Any conversation about worship has to start with three things—and this is all introduction—but it was new to me as I kind of entered into this whole conversation.
1. Worship isn’t a religious thing, it’s a human thing
Everybody is a worshiper. It doesn’t matter what religion you are, or if you’re not religious, you can be an atheist and you’re still a worshiper. Worship is a human thing. It’s not a religious thing. It’s not even like you become a Christ follower and then all of the sudden you start to worship. We worship from the minute we become aware. In fact, we can’t help but give our lives to something bigger than we are, we just can’t help it. We just can’t help but declare through how we live our lives that something is of value to us. We can’t help but to ascribe worth to something.
And so if you want to see worship services you don’t just have to go to churches, or synagogues, or mosques—go to the mall, go to the Chargers game, go to a concert. Right? I mean we see worship all around us and one of the fundamental things we’ve got to understand right from the beginning is worship isn’t a religious thing. Now the objects of worship may be religious or not, but we are all worshipers, nobody is exempt. It doesn’t matter what kind of a voice you have or whether or not you like music because worship isn’t singing. It’s fundamentally what we give our heart toward. That’s what we worship.

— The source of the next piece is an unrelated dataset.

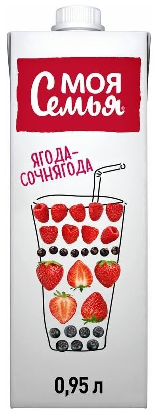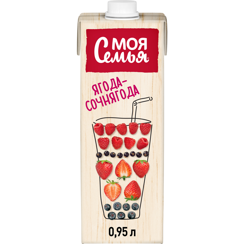 Порадуйте всю семью вкусным фруктово-ягодным миксом Моя Семья "Ягода-Сочнягода", который обладает насыщенным ярким вкусом благодаря ягодам ароматной малины, сладкой клубники и спелой черной смородины. Моя Семья "Ягода-Сочнягода" не содержит ГМО, произведен из настоящих фруктов и ягод без добавления консервантов.

2. Who or what we worship isn’t determined by what we say or sing, but by how we live
In fact worship is not about singing, or about music, or whether you like choruses or hymns. Worship is about your heart and the way that you live your life. The way that we spend our time, and what we value, in what we think about, and what we obsess over—all of that is evidence about what it is we really worship. So, we can take the trail of our money, and the trail of our time and resources and personality and it will lead us to a throne and it will declare what’s on that throne for us. Now, we profess of course that Jesus is on that throne. Right? I mean that’s what we do. That’s why we’re here. And yes, that’s certainly true. But for many of us, and I’m at the top of this list, Jesus has competition for that seat. Doesn’t he? Mainly from us. I like to put myself on that sucker. I like the privileges that come with calling the shots and playing God over my own life.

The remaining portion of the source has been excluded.